===== EXCERPTED DATA =====

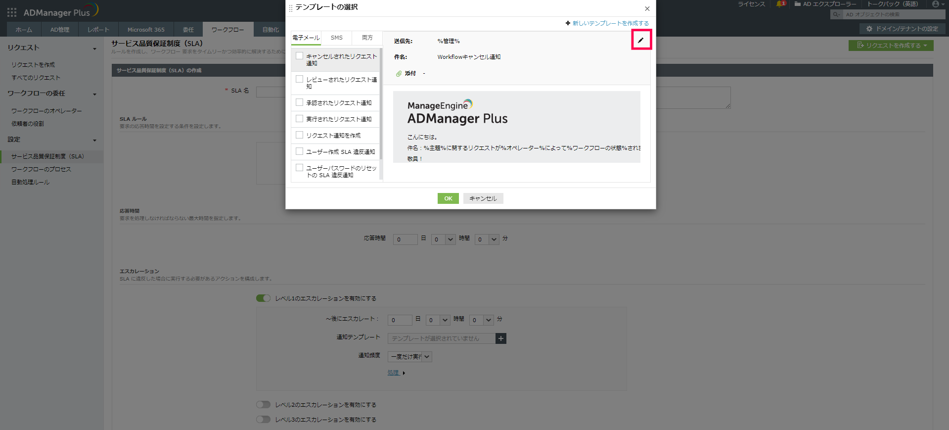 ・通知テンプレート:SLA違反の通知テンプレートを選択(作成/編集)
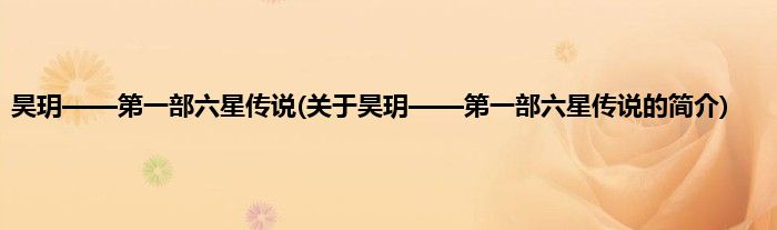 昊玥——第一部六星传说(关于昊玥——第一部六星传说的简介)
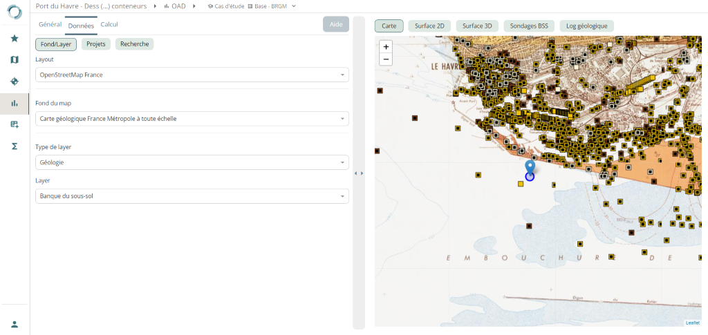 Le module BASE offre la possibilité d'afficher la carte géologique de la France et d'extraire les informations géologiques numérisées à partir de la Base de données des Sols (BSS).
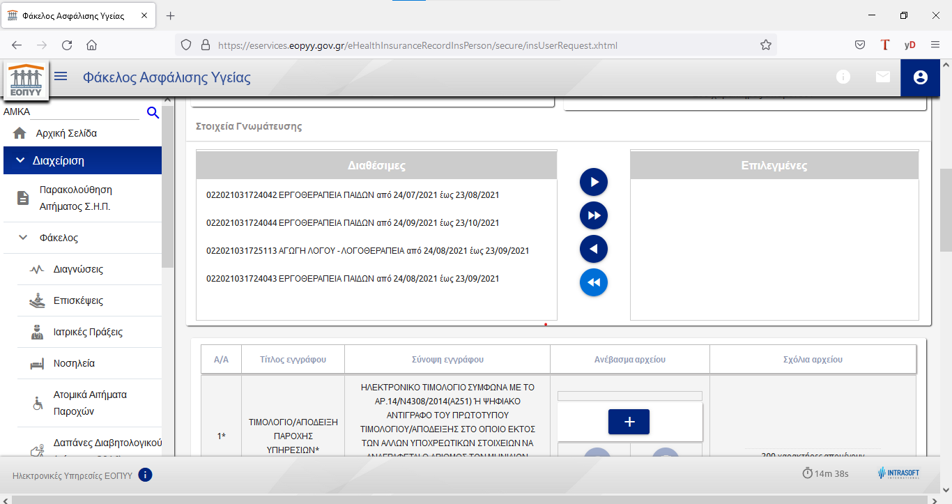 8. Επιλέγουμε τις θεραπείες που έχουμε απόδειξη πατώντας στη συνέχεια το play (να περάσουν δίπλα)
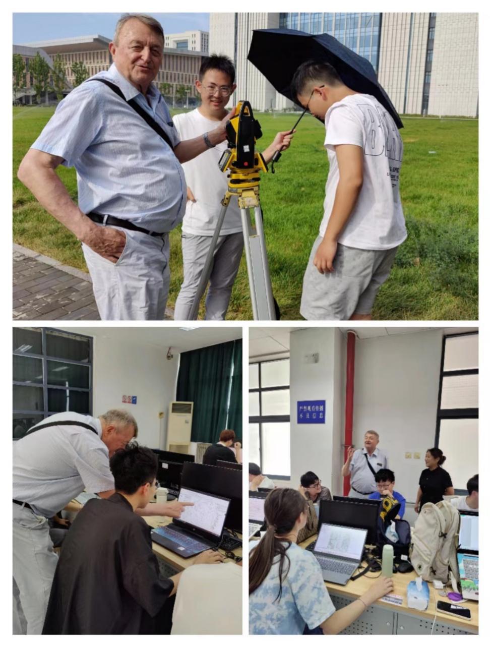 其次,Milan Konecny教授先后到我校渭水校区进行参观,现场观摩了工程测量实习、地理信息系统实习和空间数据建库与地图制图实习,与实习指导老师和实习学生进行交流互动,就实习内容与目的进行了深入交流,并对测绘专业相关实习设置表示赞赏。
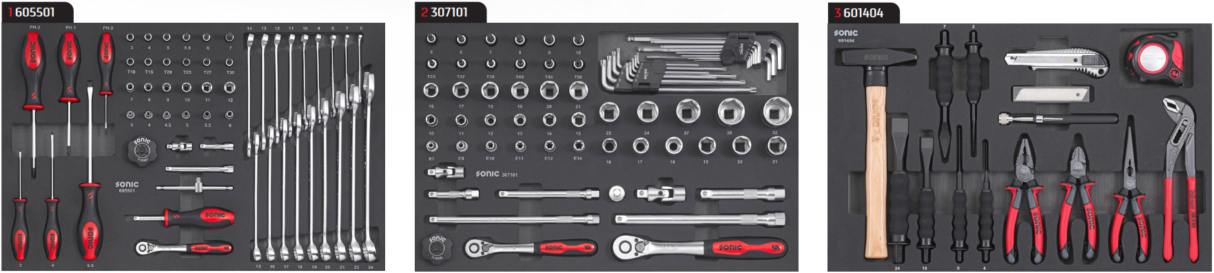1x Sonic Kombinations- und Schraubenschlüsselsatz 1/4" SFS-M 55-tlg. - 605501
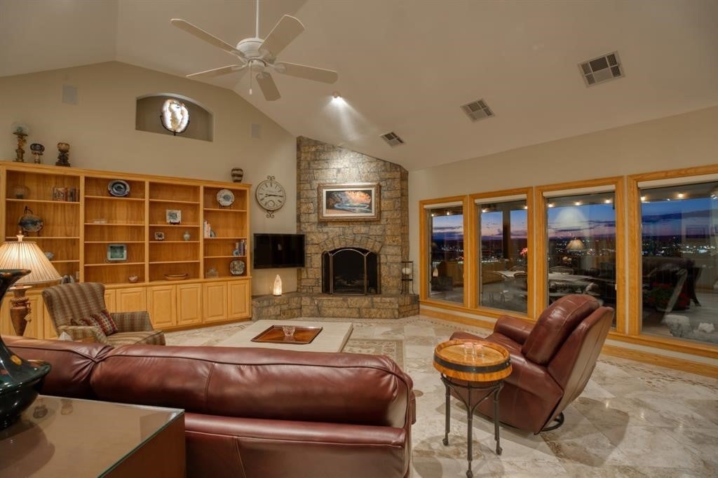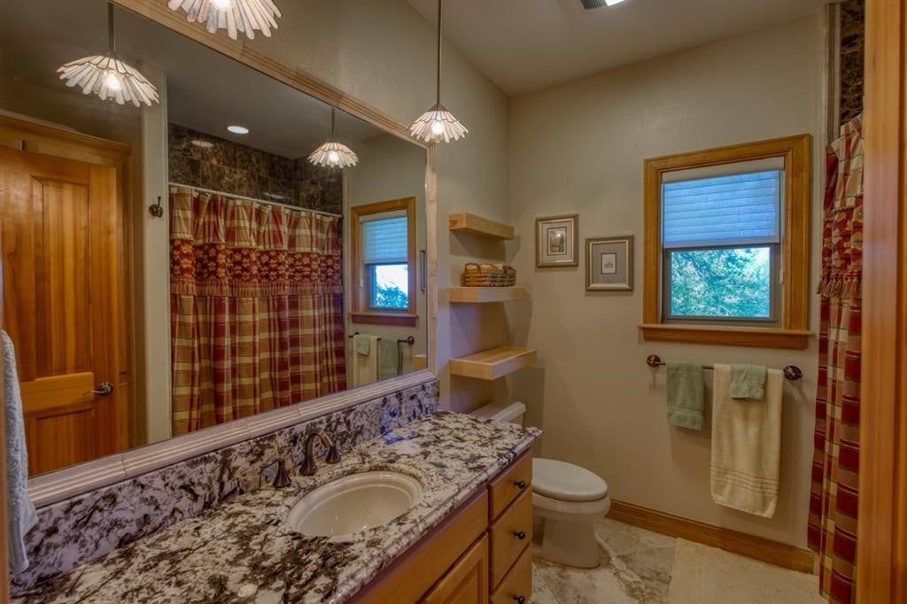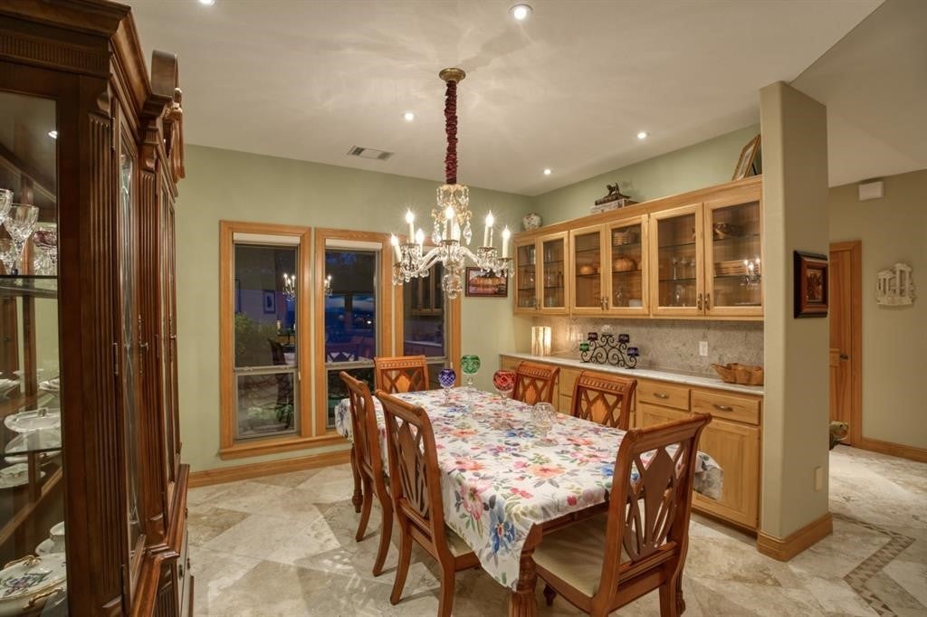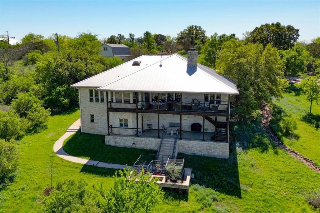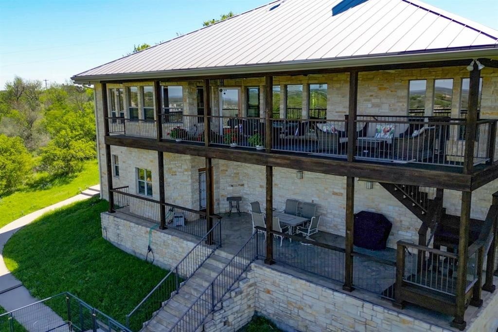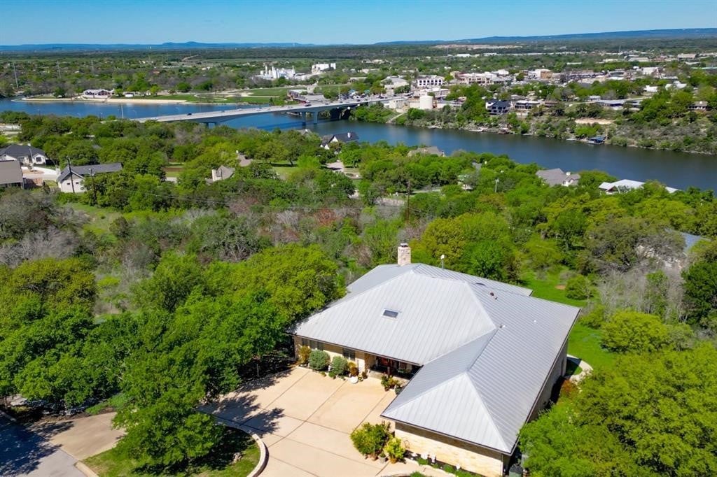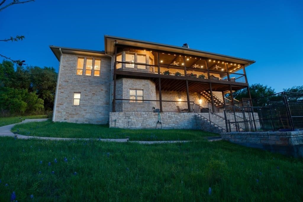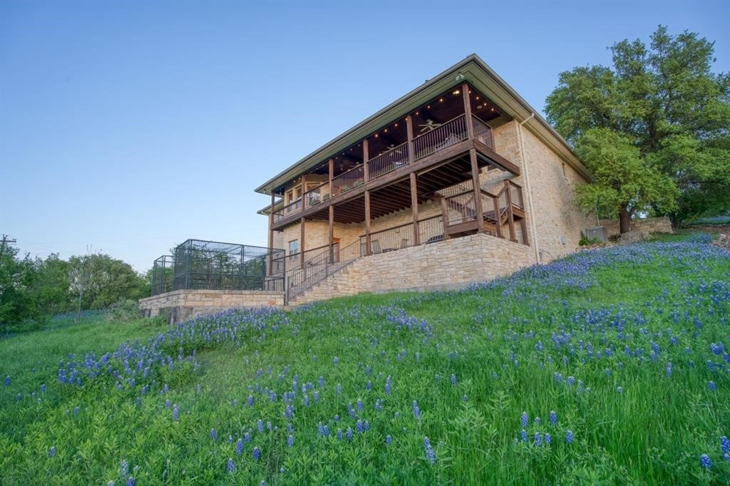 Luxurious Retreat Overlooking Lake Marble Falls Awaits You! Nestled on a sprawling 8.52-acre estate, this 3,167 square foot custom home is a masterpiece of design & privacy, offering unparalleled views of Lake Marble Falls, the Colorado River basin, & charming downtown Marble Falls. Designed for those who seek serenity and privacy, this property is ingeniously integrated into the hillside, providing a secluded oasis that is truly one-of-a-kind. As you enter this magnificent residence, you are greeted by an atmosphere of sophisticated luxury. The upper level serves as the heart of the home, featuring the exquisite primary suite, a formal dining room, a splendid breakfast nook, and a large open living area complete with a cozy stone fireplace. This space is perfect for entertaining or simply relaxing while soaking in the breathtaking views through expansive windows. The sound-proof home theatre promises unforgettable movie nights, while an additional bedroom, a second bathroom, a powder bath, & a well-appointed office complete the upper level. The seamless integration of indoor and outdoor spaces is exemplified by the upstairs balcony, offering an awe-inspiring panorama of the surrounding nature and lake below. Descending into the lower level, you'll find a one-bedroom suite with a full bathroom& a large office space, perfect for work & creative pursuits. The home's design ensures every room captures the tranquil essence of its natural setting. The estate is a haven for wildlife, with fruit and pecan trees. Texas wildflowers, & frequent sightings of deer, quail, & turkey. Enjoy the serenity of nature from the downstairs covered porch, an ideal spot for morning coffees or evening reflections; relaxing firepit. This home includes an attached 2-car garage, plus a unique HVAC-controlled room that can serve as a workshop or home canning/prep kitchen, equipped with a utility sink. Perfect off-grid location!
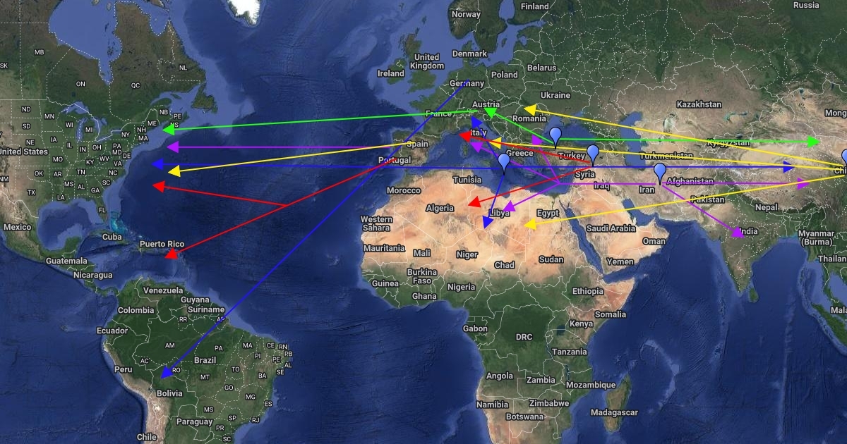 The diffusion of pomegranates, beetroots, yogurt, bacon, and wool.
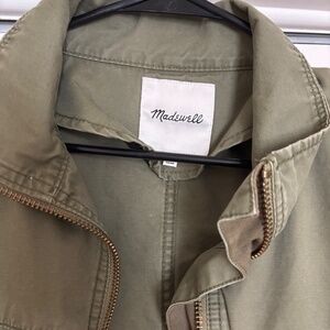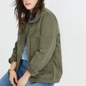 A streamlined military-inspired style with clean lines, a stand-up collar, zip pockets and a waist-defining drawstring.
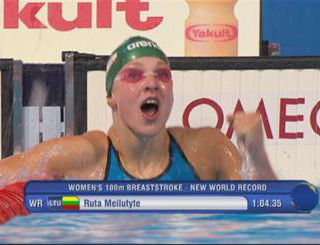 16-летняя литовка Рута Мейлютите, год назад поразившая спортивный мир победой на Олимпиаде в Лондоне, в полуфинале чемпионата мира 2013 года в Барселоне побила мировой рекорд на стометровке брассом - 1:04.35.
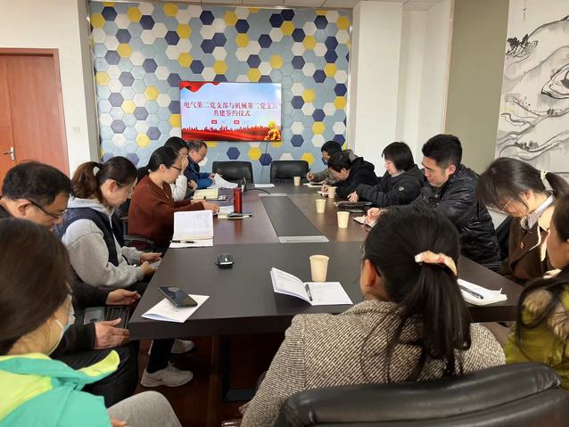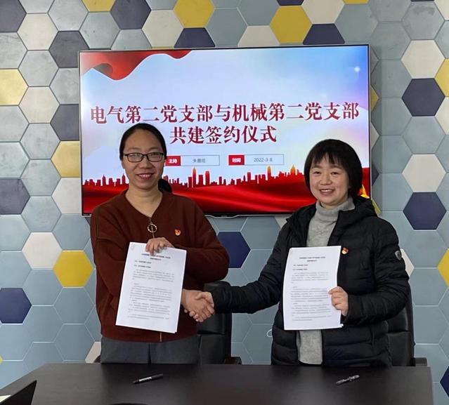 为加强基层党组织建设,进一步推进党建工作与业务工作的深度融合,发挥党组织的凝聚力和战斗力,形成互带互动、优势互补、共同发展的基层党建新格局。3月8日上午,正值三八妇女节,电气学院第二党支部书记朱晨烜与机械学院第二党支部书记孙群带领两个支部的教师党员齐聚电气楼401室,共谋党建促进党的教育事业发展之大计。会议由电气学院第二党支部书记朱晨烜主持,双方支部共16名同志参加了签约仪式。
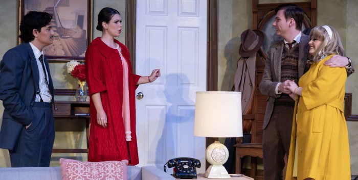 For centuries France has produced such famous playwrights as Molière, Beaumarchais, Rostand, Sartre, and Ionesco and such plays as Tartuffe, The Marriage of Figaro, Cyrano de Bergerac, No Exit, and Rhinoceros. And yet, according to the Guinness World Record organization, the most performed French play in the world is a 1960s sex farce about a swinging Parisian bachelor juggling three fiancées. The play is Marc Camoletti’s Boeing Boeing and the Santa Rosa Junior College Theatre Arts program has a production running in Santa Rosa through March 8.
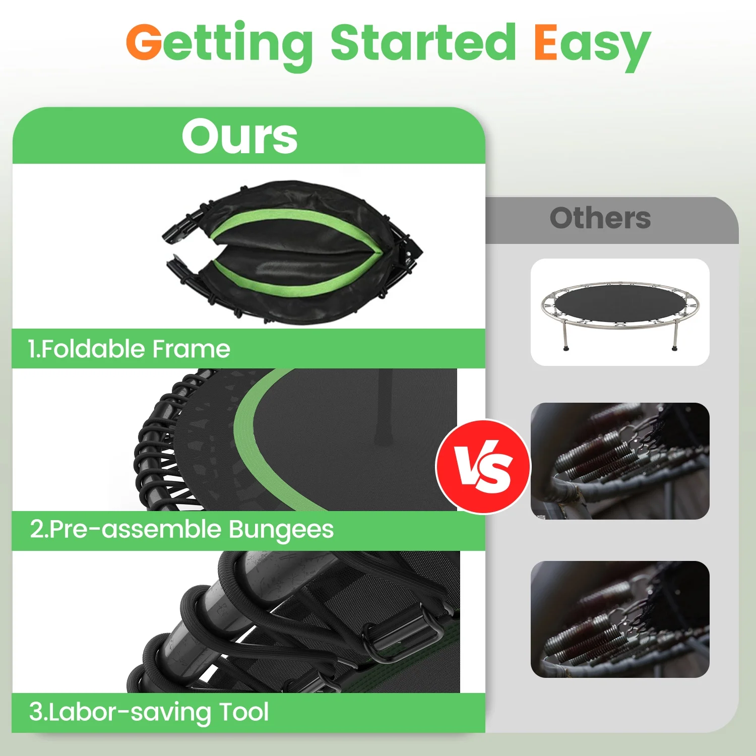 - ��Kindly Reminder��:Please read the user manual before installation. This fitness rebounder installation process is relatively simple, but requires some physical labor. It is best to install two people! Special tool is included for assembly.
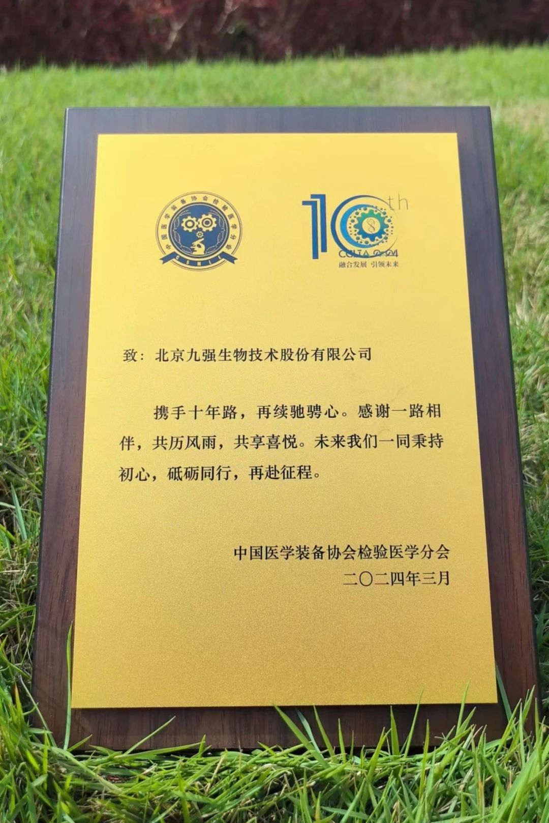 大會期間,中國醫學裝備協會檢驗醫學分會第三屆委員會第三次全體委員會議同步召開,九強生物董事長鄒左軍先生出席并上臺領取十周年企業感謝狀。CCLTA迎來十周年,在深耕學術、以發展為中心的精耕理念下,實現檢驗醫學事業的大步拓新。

=====

PROMPT
Everything from the first line of the records through the line containing "其次,Milan Konec" should be reproduced exactly, apart from the pictures.

TASK RESPONSE
 ・通知テンプレート:SLA違反の通知テンプレートを選択(作成/編集)
 昊玥——第一部六星传说(关于昊玥——第一部六星传说的简介)
 Le module BASE offre la possibilité d'afficher la carte géologique de la France et d'extraire les informations géologiques numérisées à partir de la Base de données des Sols (BSS).
 8. Επιλέγουμε τις θεραπείες που έχουμε απόδειξη πατώντας στη συνέχεια το play (να περάσουν δίπλα)
 其次,Milan Konecny教授先后到我校渭水校区进行参观,现场观摩了工程测量实习、地理信息系统实习和空间数据建库与地图制图实习,与实习指导老师和实习学生进行交流互动,就实习内容与目的进行了深入交流,并对测绘专业相关实习设置表示赞赏。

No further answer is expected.